The Navaho-Hopi Long Range Rehabilitation Act, signed into law by the President on April 19, 1950, has as objectives these goals: (a) development of natural resources to make the Navajo1 individually and collectively, economically self sufficient, (b) to raise health standards so the physical well-being of these Indians will be more in line with that enjoyed by the general population, (c) to educate the young so they may grow into competent, constructive citizens, and (d) to raise the whole level of the tribe that, in time, they will be able to assume full responsibility for the management of their own affairs (10, p.1).
A subsidiary goal of the educational objective is to educate young people to the extent that they will have sufficient social and economic skill to make a successful adjustment to a community off-the-reservation, thus lessening the overpopulation on the reservation (15, p.1).
As early as 1945, when the nation was emerging from World War II and Navajos were returning to the reservation with increased desire for education as a result of their experiences in the Armed Forces and in war industries, the need for a special educational effort was recognized by the Bureau of Indian Affairs.

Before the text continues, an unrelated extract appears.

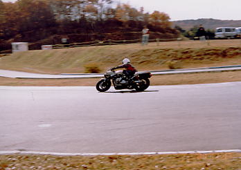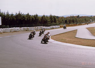 せ 集合写真を撮り午後の第3ヒ−トが始 まる。ここで心配なのがガソリンだ。なんと 家を出て高速を走りそのままサ−キット入 りして走っていたのだ。他の連中は昼休み に給油している。タンクを覗くとまだあるが 心配だ。こんな心配と気温の低下、コケた ら帰れない心配と 前が思うように空かな いのとでタイムが伸びない。第3ヒ−トが終 ってタンクを覗くとまだガソリンはある。第4 ヒ−トはガンガン行ってみよう。苦手だった 左コ−ナ−もガンガン攻めて2速全開.9 000rpm超で走りシケイン前の突っ込み |

Acting under the direction of the then Chief of the Branch of Education, Dr. Willard W. Beatty, Dr. George A. Boyce, Director of Navajo schools, and Mrs. Hildegard Thompson, Educational Specialist,2 gathered a staff of elementary teachers, vocational teachers, teacher interpreters, advisers, dormitory attendants, supervisors, principals, superintendents, Navajo leaders, linguists, placement officers, Bureau personnel, and other experts to begin working on a program specifically designed and tailored to meet the needs of Navajo education. The work of this group resulted in the Special Navajo Program and the publication of the Minimum Essential Goals for the Special Five-Year Adolescent Navajo Program (7).

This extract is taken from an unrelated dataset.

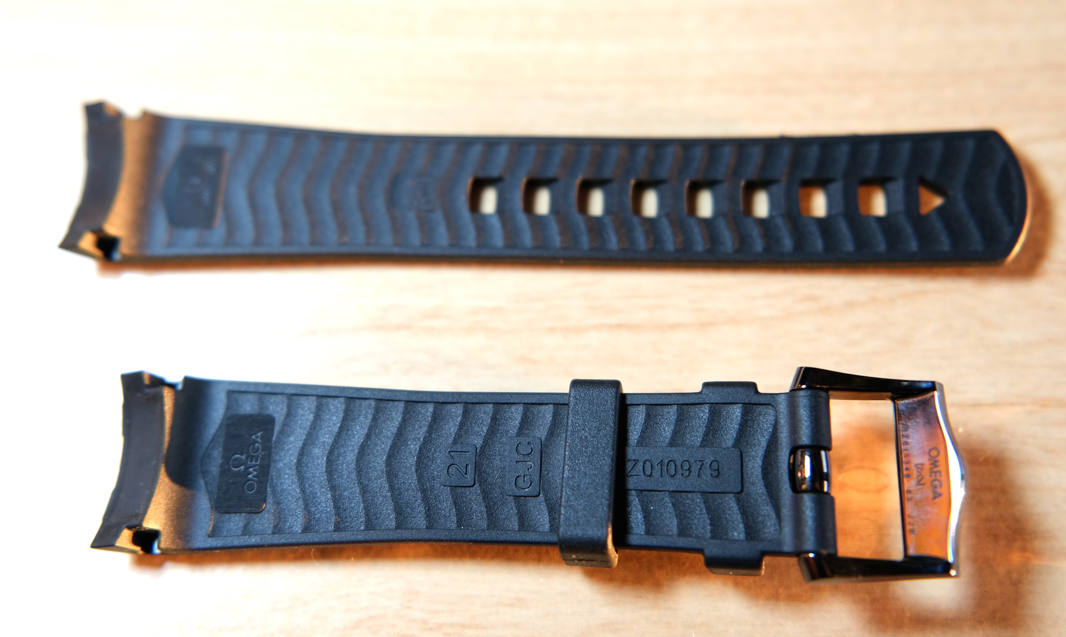 The strap that the black ceramic/titanium Seamaster Professional comes with is essentially the same as the one that comes with the stainless steel versions. The only differences are that this strap is 21 mm in width at the case end and that it has a black ceramic pin and buckle. Like the standard Seamaster Professional rubber strap, this one is dense, but flexible. The rubber does not have any particular smell and also does not attract lint - I am told these are traits of a high-quality rubber. It also features a titanium-reinforced keeper and a nicely polished black ceramic buckle. The strap is very comfortable and seems durable. With an MSRP of $8100 USD, however, I really think this watch should have come on a titanium bracelet. As I paid well below retail, this was not a deal-breaker for me.

The general objectives of the program are: (a) to enable adolescent Navajo, with little or no previous schooling, to become self-supporting adults, (b) to interest them in becoming permanent, constructive citizens in the regions where the schools are located, and ( c) to provide each pupil with a useful skill for earning a living (8, p.1).
Children and young adults above the age of 13 were enrolled in the program; some, in a few instances, were as old as 22 when first enrolled. The program was limited to five years of schooling because it was felt that this was the maximum amount of time these enrollees would be willing to spend in school. A shorter period would not suffice to meet their needs and a longer period would fail because of their natural desires for employment income and home and family life (1, p.4).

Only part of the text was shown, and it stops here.